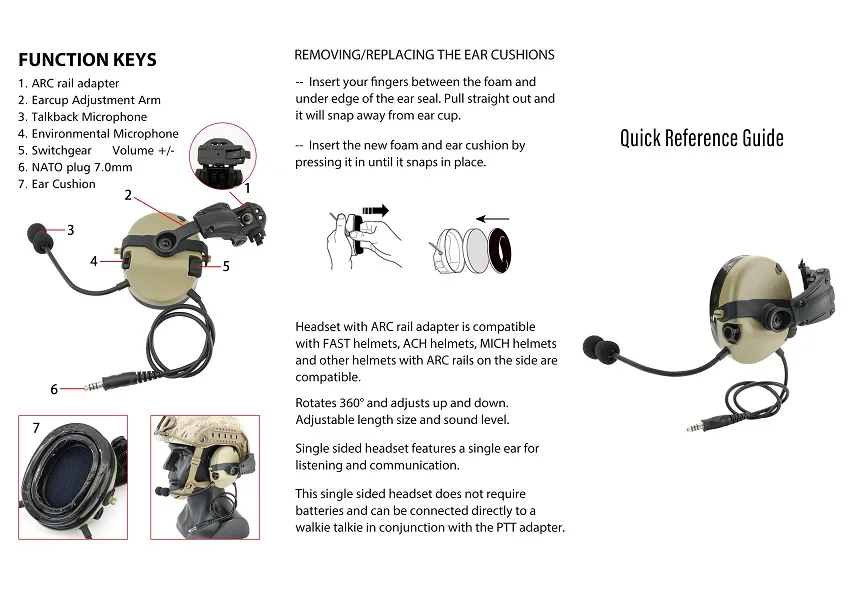 Auriculares tácticos de comunicación de una sola cara, soporte para auriculares con riel de arco, U94 Ptt táctico para walkie-talkie Baofeng
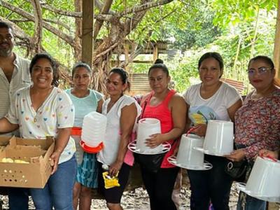 Como parte del apoyo integral, además de los pollos, se entregaron 576 comederos, 576 bebederos y 1152 sacos de concentrado (inicial y finalizador), lo cual fortaleció las capacidades productivas y asegura un manejo adecuado de las aves en cada minigranja.
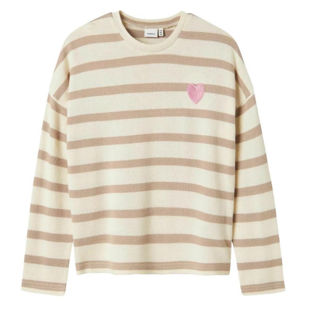 Optez pour le pull fille Name it !Manches longuesCol rondRayuresLogo coeur brodéComposition : 84% viscose , 14% polyester , 2% élasthanne
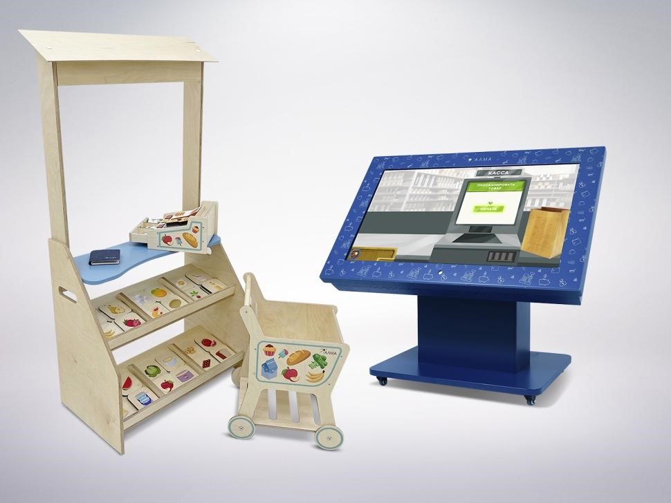 Помимо интерактивного стола в комплекте есть реквизит для традиционных игр: детский киоск АЛМА «Магазин» с кассой, тележкой и продуктами. Макеты денег и пластиковых карт, копилки, кошельки, наборы для групповых игр, что способствует усвоению навыков на практике.
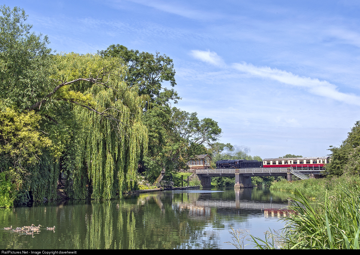 S160 locomotive , built in the USA, is a loan engine on the Nene Valley railway at present. Seen here with first train of the day heading into Wansford station, crossing the river Nene
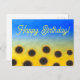 Ukraine geometry mesh pattern Flowers Birthday Postcard. Elegant and cool Triangle geometric mesh with yellow and blue Ukraine colors gradient with Sunflowers.
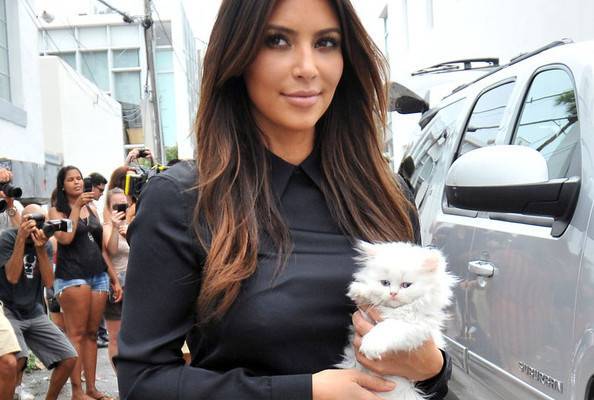 Пред некое време папараците ја фотографираа Лејди Гага како шета со нејзината пудлица Фози, а сега пак Ким Кардашиан е фотографирана како гордо го шета, држејќи го во раце, нејзиното бело маче Мерси. Покрај својата популарна газдарица и мачето Мерси станаа едно од најпознатите миленичиња.
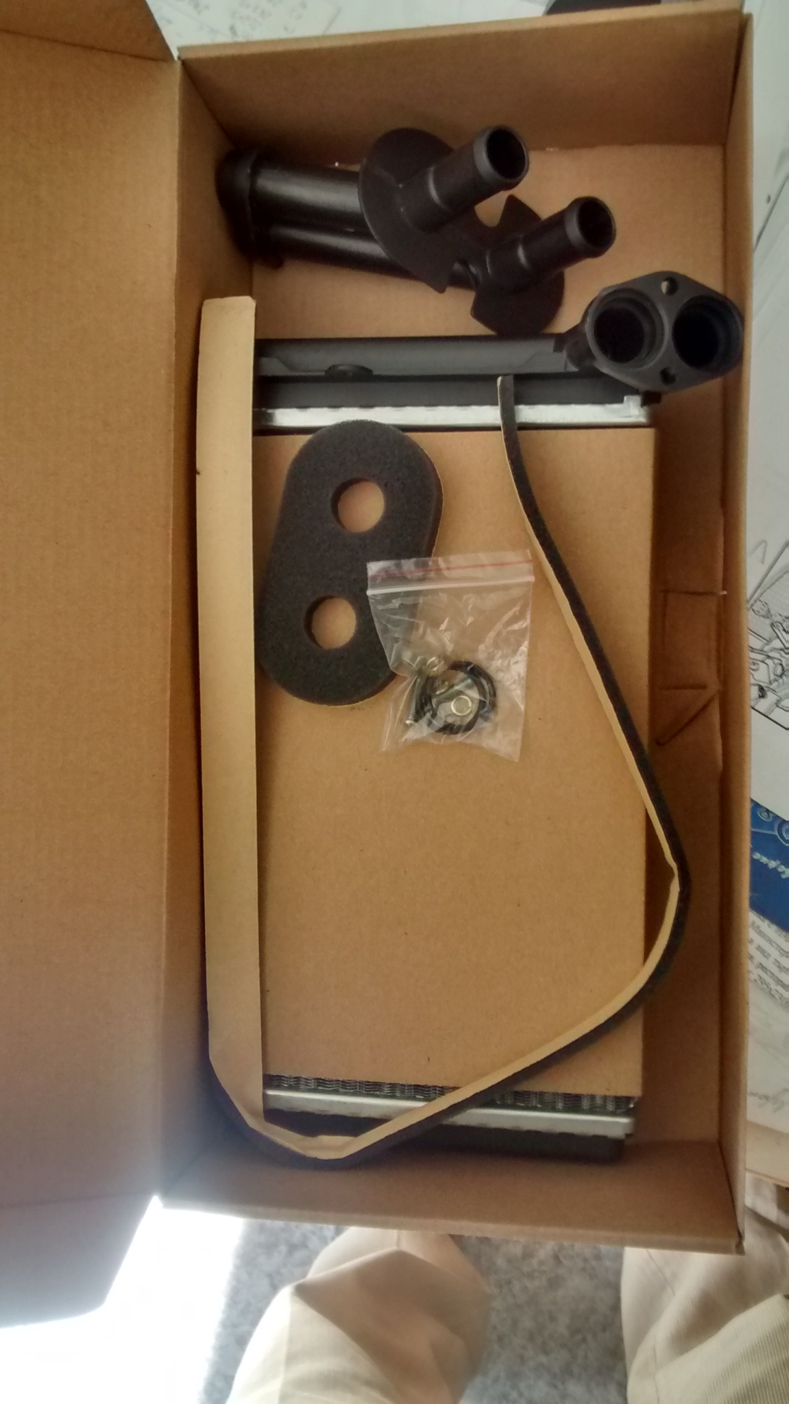 Не съм я свалял кутията - по-горе има снимка на срязаното с дремела и вадене на радиаторчето. Гайките на торкса на фланеца на радиаторчето превъртяха във фланеца, затова се наложи и рязането. Писах по-горе ,че уплътнението не е дунапрен , а дебела микропореста гумя , която много трудно се пробива така на място дори и с остра кръстата отвертка.
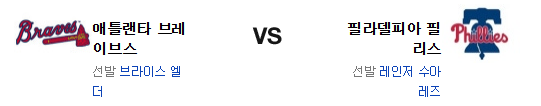 전날 경기는 그야말로 필라델피아의 홈런 파티였다. 이 흐름을 이어가긴 쉽지 않을듯. 엘더가 원정에서 강한 투수라는건 이견의 여지가 없다. 하지만 수아레즈 역시 홈에서 페이스가 올라가고 있고 애틀랜타는 좌완 공략도가 영 떨어지는 편이다. 선발에서 앞선 필라델피아 필리스가 승리를 가져갈 것이다.
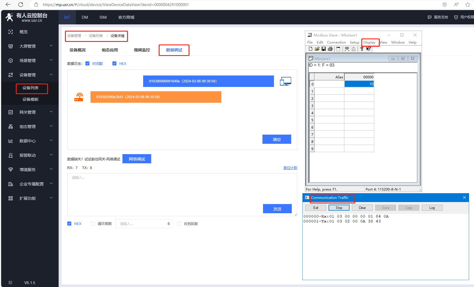 還可以利用有人云的數據調試功能,查看有人云的數據收發是否正常。
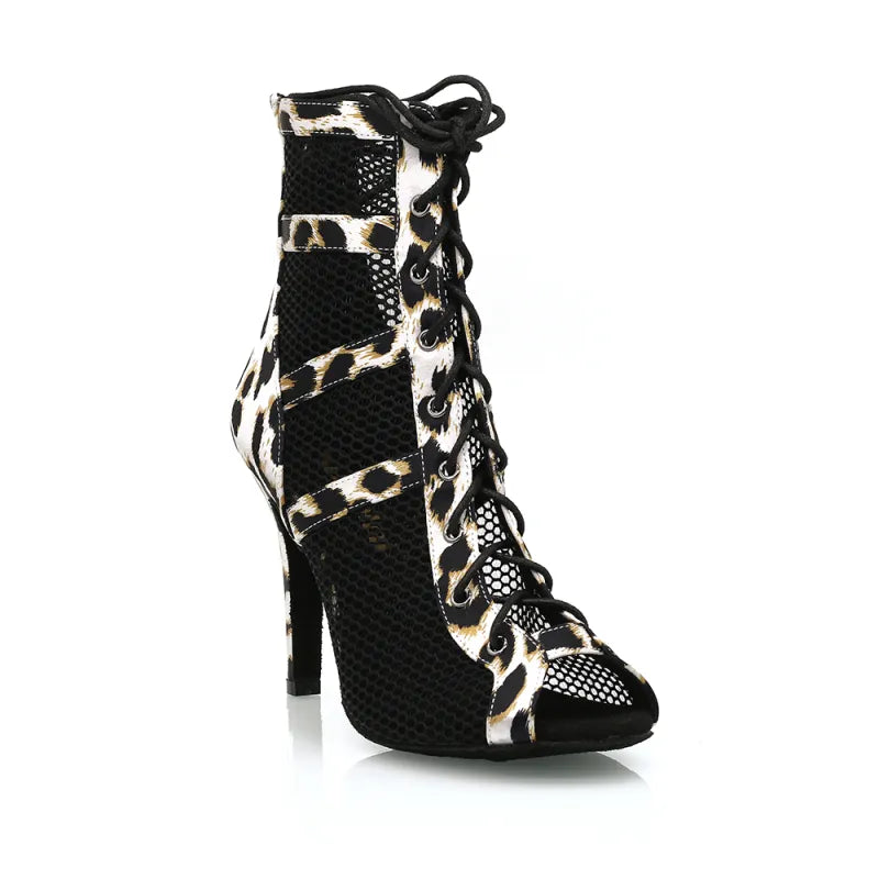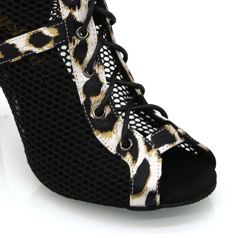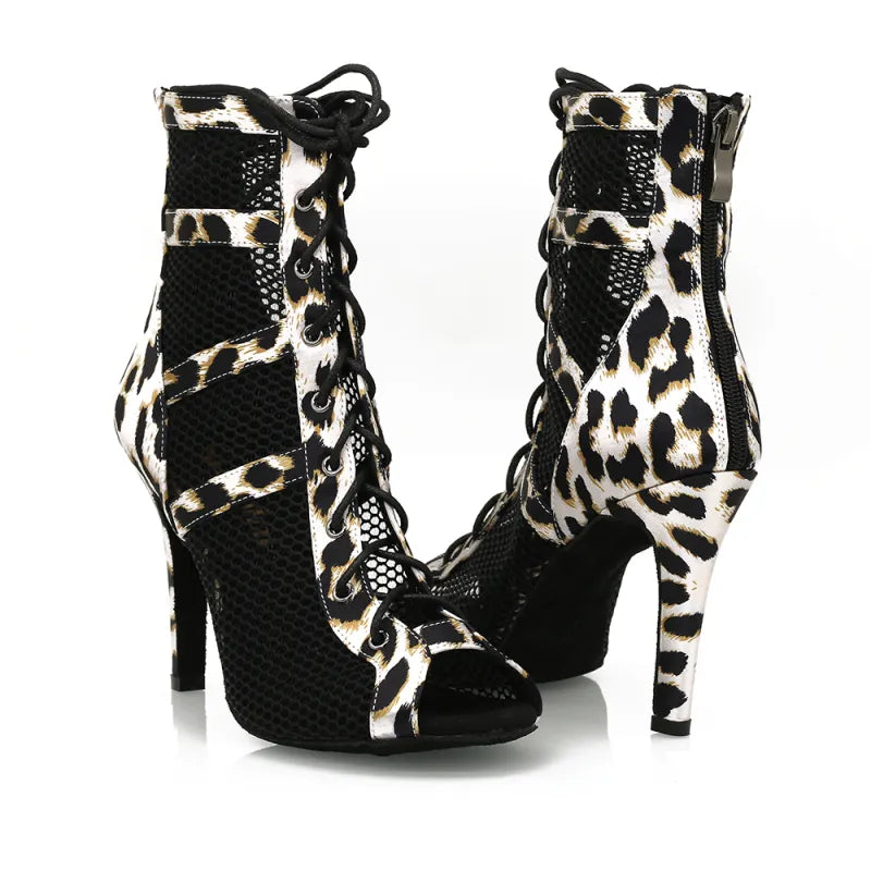 Women's 9.5cm Heel Peep Toe Rubber Sole Jazz Shoes Dance Boots Salsa Dance Shoes
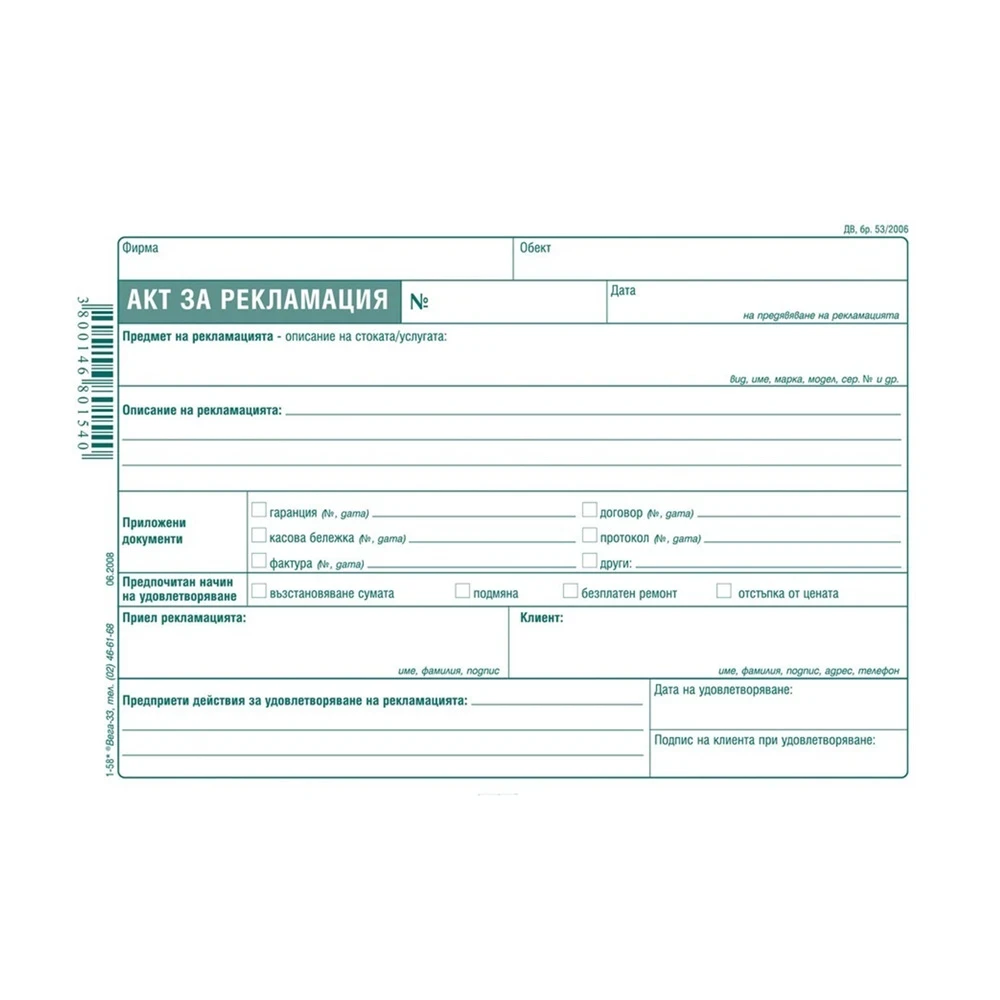 Акт за рекламация, химизиран, 100 листа

About this task
In the data above, the stretch from the line with "전날 경기는 그야말로" through the line with "Women's 9.5cm Heel" is to be returned exactly, minus any pictures.

Reply to the task
 전날 경기는 그야말로 필라델피아의 홈런 파티였다. 이 흐름을 이어가긴 쉽지 않을듯. 엘더가 원정에서 강한 투수라는건 이견의 여지가 없다. 하지만 수아레즈 역시 홈에서 페이스가 올라가고 있고 애틀랜타는 좌완 공략도가 영 떨어지는 편이다. 선발에서 앞선 필라델피아 필리스가 승리를 가져갈 것이다.
 還可以利用有人云的數據調試功能,查看有人云的數據收發是否正常。
 Women's 9.5cm Heel Peep Toe Rubber Sole Jazz Shoes Dance Boots Salsa Dance Shoes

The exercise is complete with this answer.